GW professors at Friday’s Faculty Senate meeting called for the University to immediately disconnect a phone number anyone can call to file an anonymous complaint about a faculty member.
Professors unanimously passed a resolution condemning the line, reiterating a previous demand that it disconnected because they said it infringes on academic freedom within the University.
A similar resolution was passed a month ago, but senators said GW Vice President and Treasurer Louis Katz did not act on it. The number was still in operation during Friday’s meeting.
Lilien Robinson, chairwoman of the Faculty Senate Executive Committee, said she did not receive a response from Katz until Friday morning.
“We would like to see the line immediately suspended so that it can be studied,” Robinson said.
Katz wrote in a letter addressed to Robinson that he did not consider the line to be a problem on April 11.

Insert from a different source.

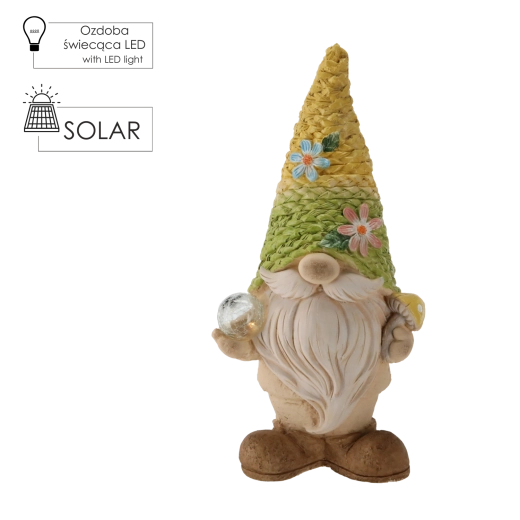 Ce charmant nain de jardin, avec son chapeau « tricoté » finement texturé, apportera une touche de caractère à vos espaces extérieurs. Grâce à ses LED intégrées, il crée une atmosphère agréable à la tombée de la nuit et devient un élément incontournable de votre jardin, terrasse ou balcon.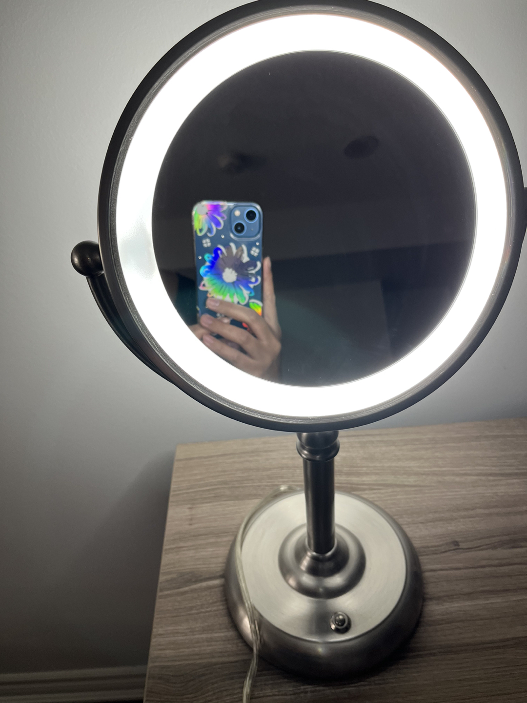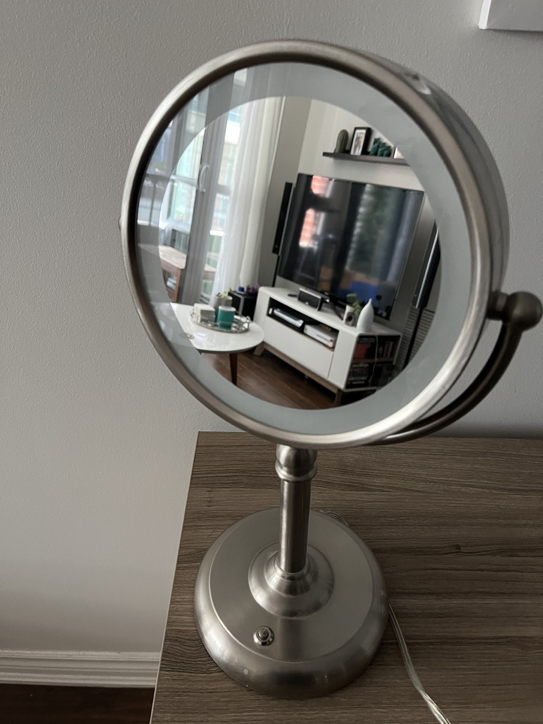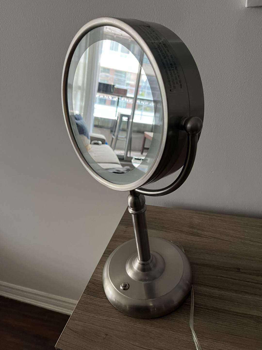 28Make up mirror with LED lights, plug-in. Double sided mirror with magnifying mirror. Dimensions: Diameter - 8” Height - 18” Depth - 2.5”

“I continue to believe that the general operation of the compliance program and compliance line are laudable and not objectionable,” Katz wrote.
Katz also indicated he would be willing to work with the faculty to study the operation of the compliance line but did not see any reason to disconnect it.
Katz was unavailable for comment.
Michael Casselberry, a faculty senator and professor in the Graduate School of Education and Human Development, said he and other senators felt the University was trying to usurp the Senate’s input.
“This is part of the way that the faculty of the University are trying to restrain the opportunities for the administration to control the area of academic governance,” Casselberry said after the meeting.
GW Law School professor John Banzhaf released a statement April 5 on behalf of the GW faculty demanding the immediate suspension of the line to avoid compromising academic freedom.
“Academic freedom isn’t safe if any student or faculty member can be the target of an anonymous complaint and investigation about a fabricated comment,” he wrote.
The Senate also passed resolutions designed to bring the School of Public Health and Health Services up to faculty code standards requiring the school to hire more faculty for tenure-track positions. The Senate also amended the faculty code to make the College of Professional Studies a part of GW. It will employ current University-tenured faculty.
Another resolution, submitted by senator and English professor David McAleavey for the Vice President of Academic Affairs Donald Lehman calls for a joint student-faculty committee to study the current teacher evaluation system and create a “workable set of surveys” that would be specialized for different classes.
“The academic panel (will) be charged with creating a different version of the ‘Academic Update’ keyed into the most common types of courses offered at the University, including, for example, large lectures; lecture discussion courses; studio/ workshop courses; seminars; laboratories and recitation or discussion sections,” the resolution said.
The resolution also called for examining the possibility of increasing the availability of evaluation results to students.